At least 19 Killed in Wave of Serbian Terror in Northern Bosnia
Gadsden Times
1 April 1994
SARAJEV0, Bosnia-Herzegovina — At least 17 Bosniaks and 2 Croats have been murdered in a new wave of terror in a Serb-held area of northern Bosnia, a U.N. aid official said Friday.
Peter Kessler, spokesman at the U.N. relief office in Zagreb, Croatia, said grenades were lobbed into homes of many of the victims, who were then robbed and executed. The killings occurred around Prijedor, a town 110 miles north-west of Sarajevo near the Serb military stronghold of Banja Luka.
Kessler said U.N. workers who reached Prijedor on Friday found the town “very tense’ after the killings, which took place over the previous several days.
“Apparently, these attacks are going forward with permission or even military assistance of the Bosnian Serb militia,” he said.
He said there were rumors the killings were retaliation for the deaths at a nearby front line of three Serb soldiers, whose bodies were taken to Prijedor.
The murders followed a grim pattern of using terror and murder to scare off rival ethnic groups in Bosnia’s 2-year-old war. All three warring factions have been accused of the practice, but Serbs have been blamed for the worst excesses.

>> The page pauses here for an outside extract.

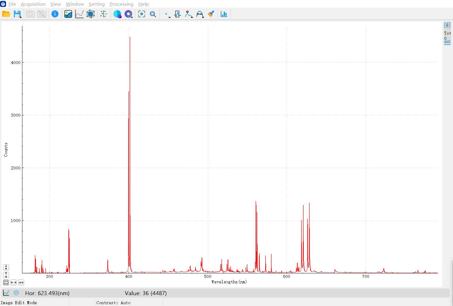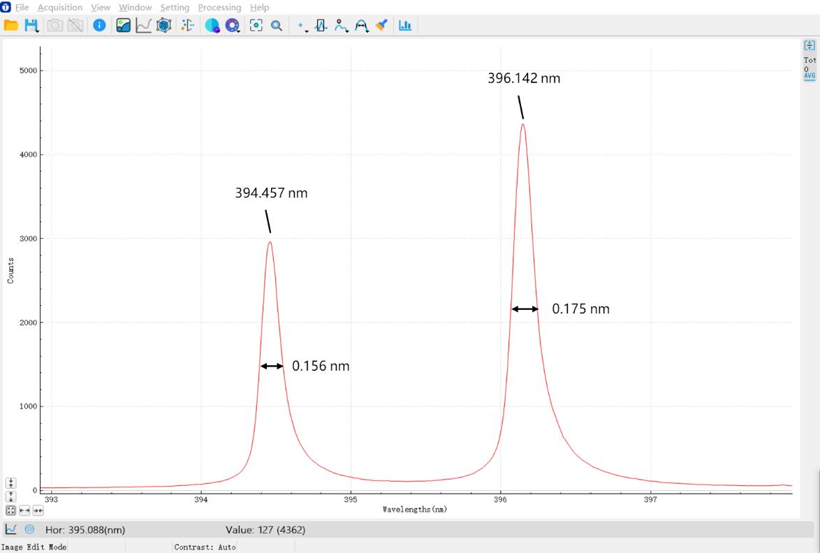 通过标准汞灯和T-Lab ViewIS软件校准后,光谱仪扫描拼接谱的光谱准确度能做到 < 0.2 nm(图3)。测试获得了铝合金LIBS光谱,如图4所示,Al元素特征谱线信号明显,谱峰位置偏移量小,谱线轮廓清晰。通过T-Lab ViewIS软件不同中心波长扫描多次成谱,可以生成大范围LIBS光谱(图5)。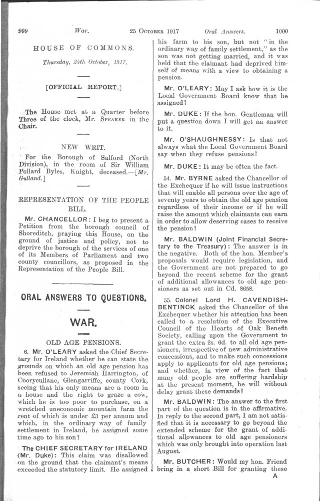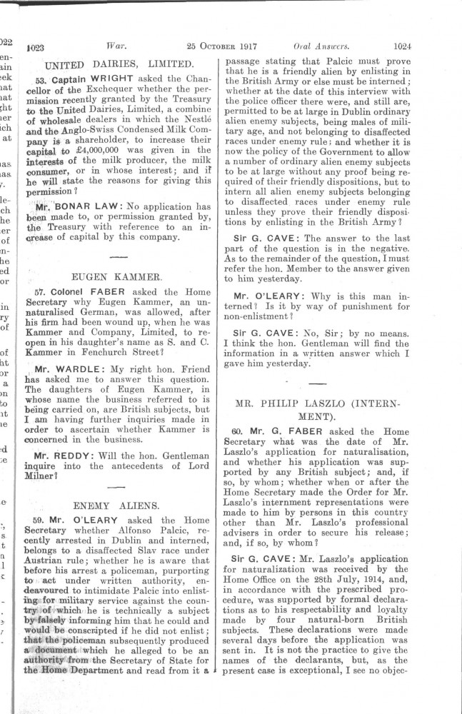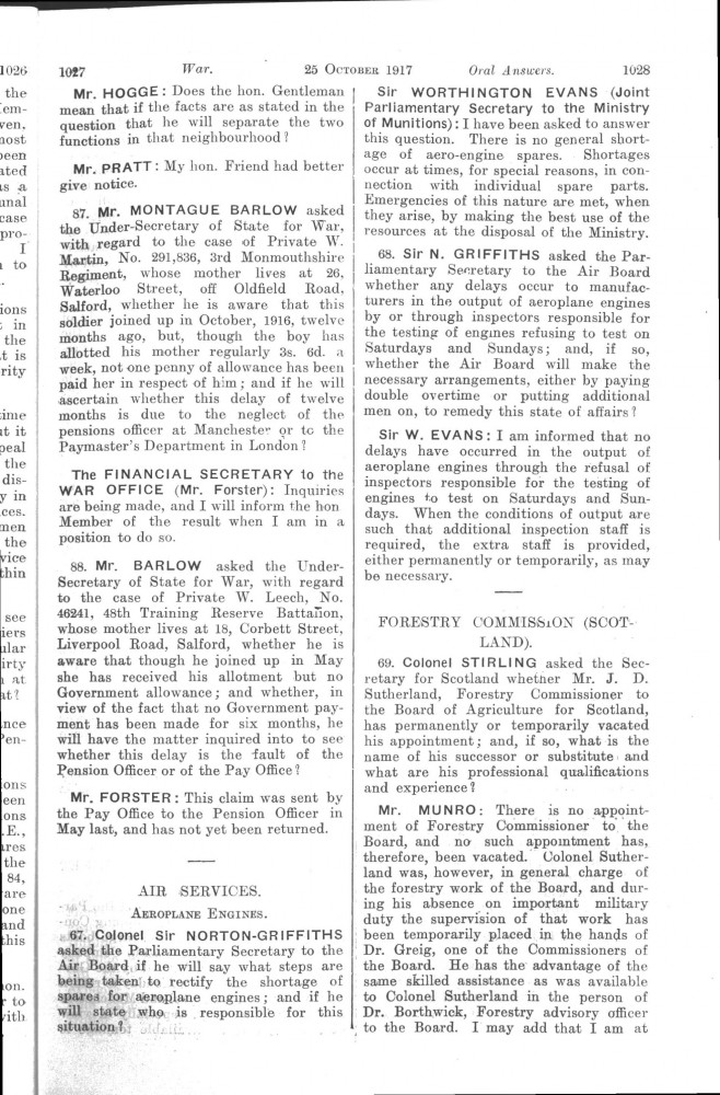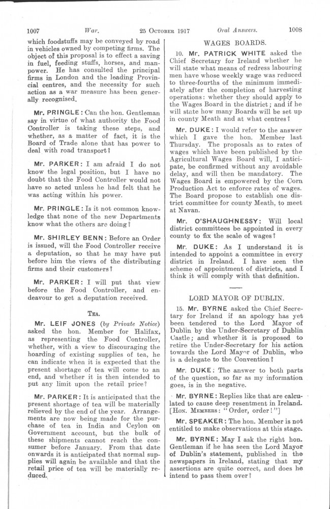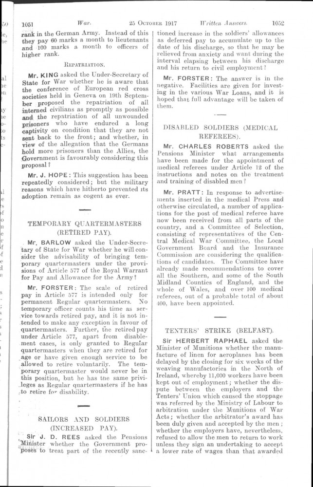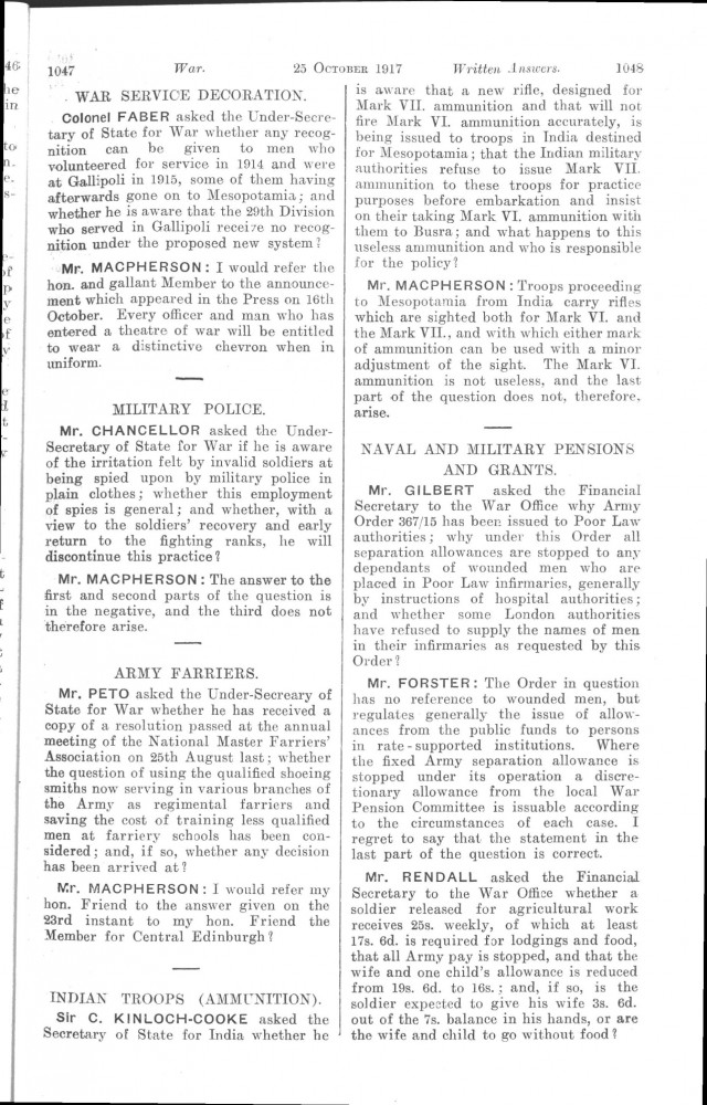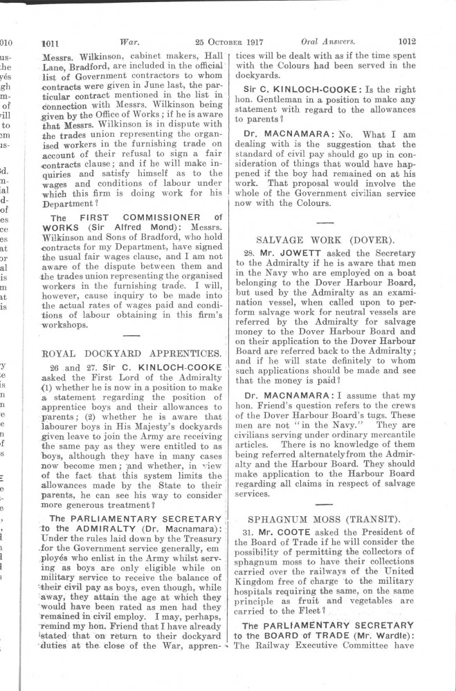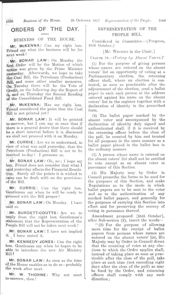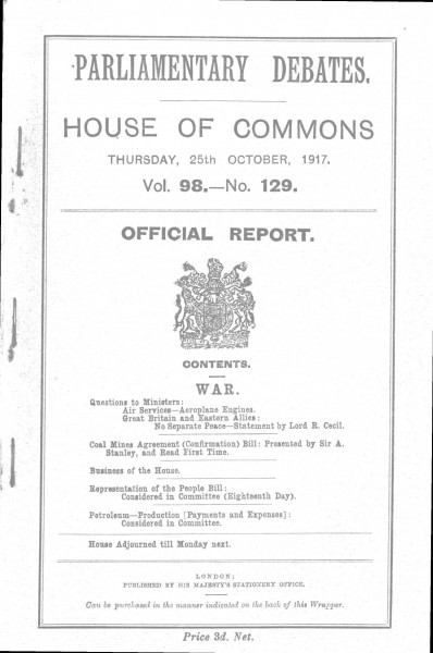 Parliamentary Debates. House of Commons. Thursday, 25 October 1917. Vol. 98, No. 129. Official Report. DLA167-0008 contains the same report.

Kessler said a “tremendous number” of non-Serbs had swamped the U.N. staff in Banja LUka seeking protection. But the United Nations and Red Cross can arrange only limited numbers of evacuations because of problems protecting refugees and finding hosts to accept them.
Elsewhere, fighting intensified around Gorazde, an enclave 35 miles southeast of Sarajevo that is held by troops of Bosnia’ Muslim-led government.
A U.N. spokesman, Maj. Rob Annink, said U.N. observers in Gorazde reported four civilians killed and 25 wounded Friday. Shelling of the town eased, but tank fire and infantry clashes intensified, he said.
Government radio said President Alija Izetbgovic had written a letter to President Clinton asking for “immediate action” to protect Gorazde.